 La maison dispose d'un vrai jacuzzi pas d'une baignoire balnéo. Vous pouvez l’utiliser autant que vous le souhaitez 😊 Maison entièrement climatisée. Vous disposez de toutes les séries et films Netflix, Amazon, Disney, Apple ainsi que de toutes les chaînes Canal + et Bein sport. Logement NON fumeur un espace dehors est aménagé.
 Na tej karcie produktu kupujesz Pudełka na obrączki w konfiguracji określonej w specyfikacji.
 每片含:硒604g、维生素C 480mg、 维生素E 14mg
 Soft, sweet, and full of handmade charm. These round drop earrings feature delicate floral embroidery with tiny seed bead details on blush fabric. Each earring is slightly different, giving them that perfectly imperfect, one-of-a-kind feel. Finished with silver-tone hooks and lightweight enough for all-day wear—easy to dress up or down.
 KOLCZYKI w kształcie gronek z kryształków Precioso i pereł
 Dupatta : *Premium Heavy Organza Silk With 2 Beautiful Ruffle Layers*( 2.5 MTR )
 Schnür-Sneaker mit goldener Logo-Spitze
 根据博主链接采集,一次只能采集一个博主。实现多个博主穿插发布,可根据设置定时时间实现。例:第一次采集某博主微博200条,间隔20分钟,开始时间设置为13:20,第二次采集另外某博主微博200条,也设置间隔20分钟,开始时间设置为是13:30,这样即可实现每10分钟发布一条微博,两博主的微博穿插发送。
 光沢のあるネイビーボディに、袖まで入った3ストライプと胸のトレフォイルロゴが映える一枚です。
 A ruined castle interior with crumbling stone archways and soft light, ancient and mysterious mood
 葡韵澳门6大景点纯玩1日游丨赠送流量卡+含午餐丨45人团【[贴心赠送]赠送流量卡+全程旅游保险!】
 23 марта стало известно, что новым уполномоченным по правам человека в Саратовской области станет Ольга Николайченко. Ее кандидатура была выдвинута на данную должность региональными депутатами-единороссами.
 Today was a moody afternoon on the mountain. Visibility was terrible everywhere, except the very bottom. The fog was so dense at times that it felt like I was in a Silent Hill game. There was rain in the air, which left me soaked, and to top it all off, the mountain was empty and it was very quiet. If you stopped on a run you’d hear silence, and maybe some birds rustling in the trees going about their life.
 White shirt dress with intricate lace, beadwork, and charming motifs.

Task instructions
Each record is to be given again in full, exactly as it reads.

Solution to this problem
 La maison dispose d'un vrai jacuzzi pas d'une baignoire balnéo. Vous pouvez l’utiliser autant que vous le souhaitez 😊 Maison entièrement climatisée. Vous disposez de toutes les séries et films Netflix, Amazon, Disney, Apple ainsi que de toutes les chaînes Canal + et Bein sport. Logement NON fumeur un espace dehors est aménagé.
 Na tej karcie produktu kupujesz Pudełka na obrączki w konfiguracji określonej w specyfikacji.
 每片含:硒604g、维生素C 480mg、 维生素E 14mg
 Soft, sweet, and full of handmade charm. These round drop earrings feature delicate floral embroidery with tiny seed bead details on blush fabric. Each earring is slightly different, giving them that perfectly imperfect, one-of-a-kind feel. Finished with silver-tone hooks and lightweight enough for all-day wear—easy to dress up or down.
 KOLCZYKI w kształcie gronek z kryształków Precioso i pereł
 Dupatta : *Premium Heavy Organza Silk With 2 Beautiful Ruffle Layers*( 2.5 MTR )
 Schnür-Sneaker mit goldener Logo-Spitze
 根据博主链接采集,一次只能采集一个博主。实现多个博主穿插发布,可根据设置定时时间实现。例:第一次采集某博主微博200条,间隔20分钟,开始时间设置为13:20,第二次采集另外某博主微博200条,也设置间隔20分钟,开始时间设置为是13:30,这样即可实现每10分钟发布一条微博,两博主的微博穿插发送。
 光沢のあるネイビーボディに、袖まで入った3ストライプと胸のトレフォイルロゴが映える一枚です。
 A ruined castle interior with crumbling stone archways and soft light, ancient and mysterious mood
 葡韵澳门6大景点纯玩1日游丨赠送流量卡+含午餐丨45人团【[贴心赠送]赠送流量卡+全程旅游保险!】
 23 марта стало известно, что новым уполномоченным по правам человека в Саратовской области станет Ольга Николайченко. Ее кандидатура была выдвинута на данную должность региональными депутатами-единороссами.
 Today was a moody afternoon on the mountain. Visibility was terrible everywhere, except the very bottom. The fog was so dense at times that it felt like I was in a Silent Hill game. There was rain in the air, which left me soaked, and to top it all off, the mountain was empty and it was very quiet. If you stopped on a run you’d hear silence, and maybe some birds rustling in the trees going about their life.
 White shirt dress with intricate lace, beadwork, and charming motifs.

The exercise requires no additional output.